Cancun's 'odd man in'
President Reagan was bound to be controversial when he met with leaders of rich and poor countries in Cancun, Mexico. Most participants urged a radical new assault on world hunger and poverty through ''global negotiations'' and the transfer of vast new economic resources to needy countries. Mr. Reagan, on the other hand, wants resources to be generated through private business initiatives , a freer world trading climate, and greater self-help in the poor countries themselves.
Mr. Reagan thus appeared to be the odd man out. In the long run, however, he could prove to be the ''odd man in.'' His approach has obvious shortcomings. But it also highlights some critical needs.
Private enterprise, for one thing, indeed play a greater role. The possibilities are largely unexplored. And greater private involvement could lead to a balance of private and public efforts in some developing countries - especially those where efforts to deal with hunger and poverty have been bogged down by bloated government bureaucracies that are inefficient and corrupt. In many African nations, for instance, the growth of governmemt employees in agriculture has risen 10 to 15 percent per year. In Tanzania, experts believe, this has sapped the strength of otherwise ambitious development plans.
The US President's stress on the need for greater self-reliance in the poor countries could also reinforce initiatives already underway in the United Nations and the World Food Council. These organizations have been working with developing countries on national strategies to become more food self-sufficient, less dependent on aid. Also, Mr. Reagan's promotion of a freer world trading climate - if he is serious about it - could be a boon. Last year the developing nations took $600 billion from their exports - 20 times the amount they received from aid.
Developing countries are understandably disgruntled by the President's opposition to global negotiations that would restructure the world economy and boost aid flows from rich to poor. They are convinced that the international financial system works unfairly against them, and that the interrelated problems of hunger, poverty, debt, and energy must be considered as a whole.
But increased spending and comprehensive discussions may be an unrealistic hope as the industrialized countries come under increasing pressure to tighten their own belts. Mr. Reagan has built his whole political base on the promise of cutting government spending and easing inflation. Given these political realities, the developing countries may have come away from Cancun with more cooper-ation from the US than was earlier thought possible. The President even committed the US to participate in future global negotiations, albeit with some stringent conditions.
This is not to say that Mr. Reagan's approach is without serious flaws and hazards. It is unrealistic, for instance, to expect that the benefits of expanded business investment in the third world would automatically ''trickle down'' to the poor and hungry.
Take India. There, increased initiatives by private enterprise in the food sector have led to remarkable increases in food production - even the storage of huge reserve stocks. Nevertheless, the number of people suffering malnutrition has actually increased.
It is also unrealistic to expect that the bulk of capital needed for development in the impoverished countries would actually be volunteered by private investors. The risks of investing in poor countries are often extremely high. Corporations typically invest in projects to extract raw materials and minerals for profit, not in projects that will develop desperately needed food production.
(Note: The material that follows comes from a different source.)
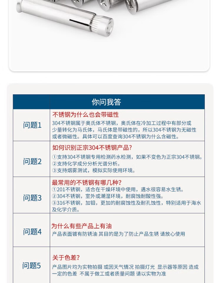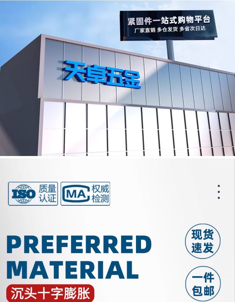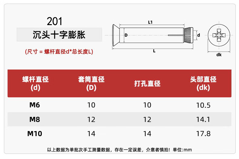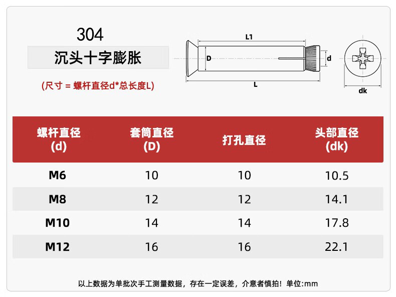 Tianzhuo Hardware National Standard 304/201 Stainless Steel Cross Countersunk Head Internal Expansion Screw Flat Head Bolt Pull Implosion MM6M8M10M12 304 National Standard 6*80 1 piece

If private initiative is to prove meaningful for the 500 million people estimated to suffer severe malnutrition, Mr. Reagan will have to come up with practical ways to link such initiative with the needs of the developing world. This might take form in new plans to reduce the risks of private investment in the third world - perhaps through well-monitored loan insurance schemes administered by the World Bank. Also, nonprofit institutes could be launched to help direct private investment from the industrialized countries in ways sensitized to the needs of developing countries.
Nevertheless, increased private investment, however helpful, will be no substitute for the continued development initiatives of the international banks - and strong US support for these institutions. Although Mr. Rea-gan claims to recognize this, his resolve seems less than certain. The US has so far opposed formation of a new energy affiliate at the World Bank which could help poor countries cope with the rising costs of meeting energy needs (a concept that has support from the OPEC and European leaders at Cancun). And US funding for the international banks, which Mr. Reagan says he still favors, currently hangs in the balance in Congress. Without strong administration support, funding could fall back to last year's level and leave the banks with only half the money proposed by the administration.
It is decisions in these areas which will ultimately say most about the President's resolve to help the world's destitute and hungry. On an issue where easy rhetoric has all too often been substituted for concrete deeds, Mr. Reagan could surprise the skeptics and disarm his critics by coming through with action to back his words.